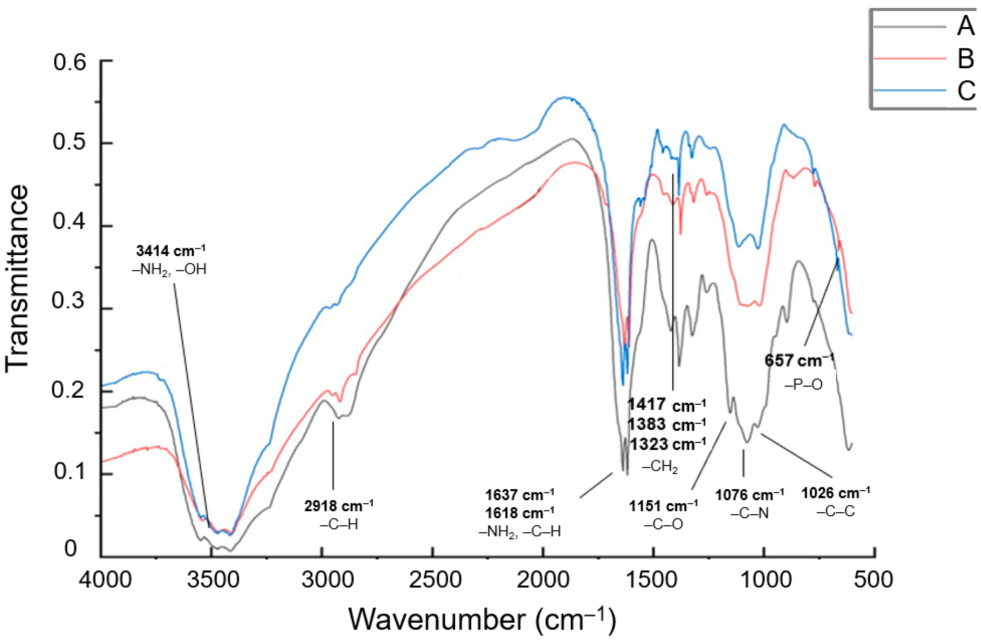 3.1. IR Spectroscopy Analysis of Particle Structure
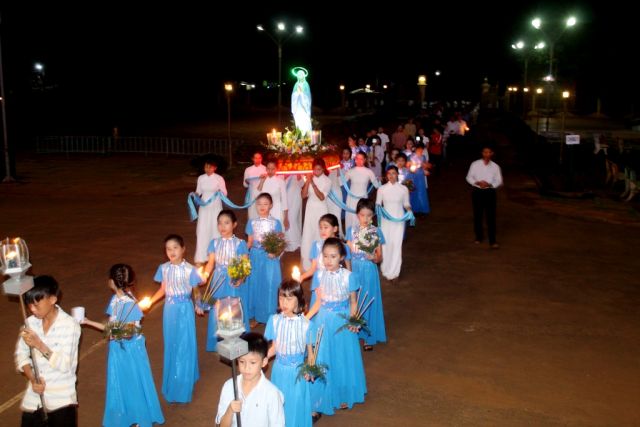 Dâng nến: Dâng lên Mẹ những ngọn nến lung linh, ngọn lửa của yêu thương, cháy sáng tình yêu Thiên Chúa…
·····
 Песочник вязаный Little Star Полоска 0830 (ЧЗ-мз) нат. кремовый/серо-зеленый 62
·····
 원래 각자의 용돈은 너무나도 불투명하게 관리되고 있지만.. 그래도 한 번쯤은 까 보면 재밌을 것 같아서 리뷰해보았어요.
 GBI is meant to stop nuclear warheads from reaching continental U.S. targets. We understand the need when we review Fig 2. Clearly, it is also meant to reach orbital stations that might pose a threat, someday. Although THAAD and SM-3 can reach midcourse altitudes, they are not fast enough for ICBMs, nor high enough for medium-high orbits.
·····
[WHAT NEEDS TO BE DONE] Nothing outside the stretch above, from the line with "3.1. IR Spectroscopy" through the line with "Dâng nến: Dâng", is set down. Transcribe that stretch exactly, ends included, but not its pictures.

[ANSWER AREA]
 3.1. IR Spectroscopy Analysis of Particle Structure
 Dâng nến: Dâng lên Mẹ những ngọn nến lung linh, ngọn lửa của yêu thương, cháy sáng tình yêu Thiên Chúa…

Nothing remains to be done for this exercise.